At a time in history when the subject of the day is exile, American soprano Karyn Levitt has chosen a worthy example to build a one-woman cabaret show around. On October 15, in Manhattan’s Metropolitan Room, she presented her musical valentine for Hanns Eisler, the Astro-German composer who was a contemporary of Kurt Weill.
With her colleagues pianist Eric Ostling, accordionist William Schimmel, and guitarist Ira Siegel, Levitt sang a collection of Eisler’s art and theatre songs (with lyrics by Bertolt Brecht) which were translated by the esteemed English critic, playwright, editor and Brecht translator, Eric Bentley, who is is very much alive, having just celebrated his 100th birthday.
While Weill’s indelible mark on the canon of Weimar era composition is indisputable, Eisler was not far behind, despite being hidden in Weill’s dust for too long. His music, especially now in the time of exile all over the globe, bears repeating for its prescience and intelligence. Levitt’s lovingly crafted “Will There Be Singing (In the Time of Darkness)” plunges us into the heart of yesteryears’ issues that are now (still) the evening news.
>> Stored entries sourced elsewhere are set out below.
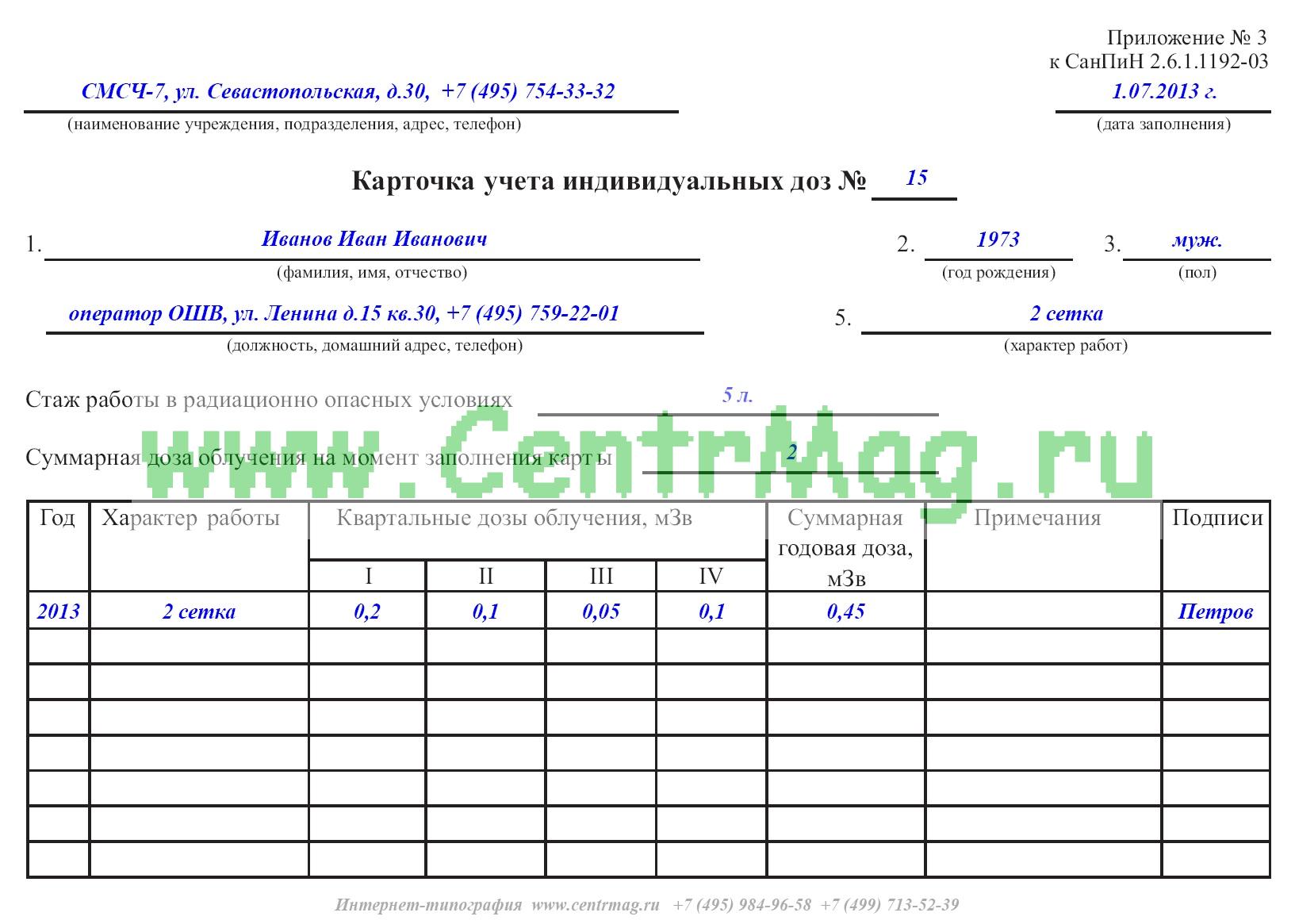 Форма карточки учета индивидуальных доз соответствует Приложению № 3 к СанПиН 2.6.1.1192-03.
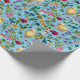 Papel De Presente Galinhas e flores silvestres em azul-bebê
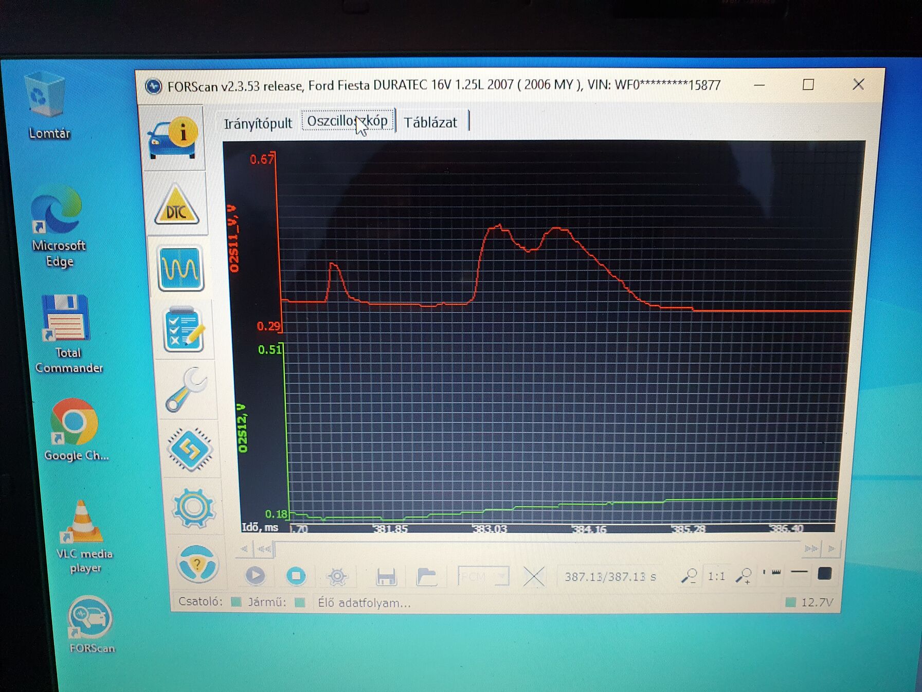 A műszerfalon volt egy dtc hiba ami az akkura gyanakodott. A szondák ilyen feszültséget adnak indítás után pár perccel: az első simán alapjáraton vanlink, a többinél gázadásra így reagálnak: link link (a felső az első szonda).

Eisler, a student of Schoenberg who wrote scores for the plays of Brecht and others, never achieved the status of Weill, probably due to his never having composed a tune that stuck in the public’s memory. However, Levitt makes a credible case for paying some overdue accolades for Eisler’s considerable opus, most of which are songs that carry political punch and a pungent underscoring of mankind’s unfortunate penchant for nastiness.
Eisler escaped the Nazis in Europe and fled to Mexico and the U.S., but was blacklisted by the latter when he was suspected of being a Communist during the mid-century purge by Congress’ Committee on Un-American Activities. He returned to Berlin to work with the Berliner Ensemble, but he was once again affected deeply by repression and the “dark times” he had described in his 1939 song: “In the dark times, tell me: Will there be singing? Yes, there will be singing: About the dark times.”
So beginning with an a cappella rendition of “Truly, I live in a time of darkness,” a song he wrote during his Mexican exile, Levitt’s delivery started out in the shadows — no spotlight on her as she walked among us, singing the tricky chromaticism with a carefully guarded tempo that suggested an ominous warning. Levitt spoke eloquently between songs about the composer and his zig-zag trajectory between continents, and pointed out how, despite the dollops of obvious irony and occasional 12-tone modalities in his work, his emotional quotient still revealed itself. His “In the Flower Garden” which she explained took place the balmy climate of Los Angeles during his Hollywood period, was a wistful paean to lighter, less tragic times in his life.
But the strongest material came from those songs connected to warlike circumstances where people marshaled their courage to combat injustice. “Solidarity Song,” “East German National Anthem,” and “Forwards…” (“…end the rule of sword and gun”) reflected the militaristic marches, and “There’s Nothing Quite Like Money,” “Love Market,” and “Karlsplatz” spoke of wartime’s black markets and back-room fleshpots. And to send tribute to Bentley at his century mark, “To My Little Radio,” lightened the cosmic load a bit with bittersweet remembrance of the simple electrical device that connected Eisler – and Bentley for that matter – to the world for so many decades of upheaval, no matter where they were.